Aspen Insurance Holdings Ltd. on Friday sent a letter and materials to shareholders urging them to reject a $3.2 billion hostile takeover attempt by Endurance Specialty Holdings Ltd., the latest in a bitter tit-for-tat between the Bermuda insurers.
The letter tells shareholders that Pembroke, Bermuda-based Endurance is trying to acquire Hamilton, Bermuda-based Aspen “on highly unattractive terms” and “at the lowest possible price.”
Signed by Aspen Chairman Glyn Jones and Aspen CEO Chris O'Kane, the letter asks shareholders directly to reject Endurance's offer. “We urge you to reject Endurance's coercive tactics to force through its inadequate offer,” the letter states.
What began as an unsolicited but private overture in mid-February later erupted in mid-April when Endurance took its offer public, then directly to shareholders.
Aspen repeatedly has rejected the Endurance logic of synergies coupled with the advantages of a bigger company, while Endurance has continued to press its case, first to the Aspen board and then to shareholders.

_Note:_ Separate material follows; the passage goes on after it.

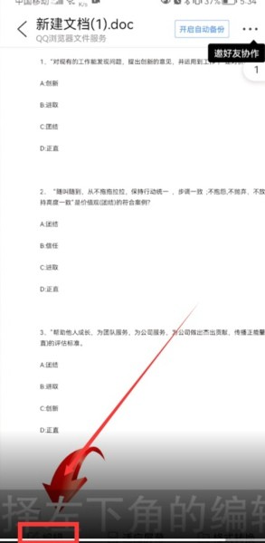 3、接著點(diǎn)擊左下角的編輯文檔按鈕,進(jìn)入編輯模式。

Endurance responded to the Aspen mailing with a letter to Aspen shareholders further reiterating its logic for the deal while also raising what it said are new issues about differences in corporate governance at the two companies.
“Consistent with their general disregard for good corporate governance, when presented with a compelling proposal from Endurance, Aspen's board members and management did nothing to advance your interests, and are doing everything within their power to protect their own positions,” said the Endurance letter, signed by Chairman and CEO John Charman.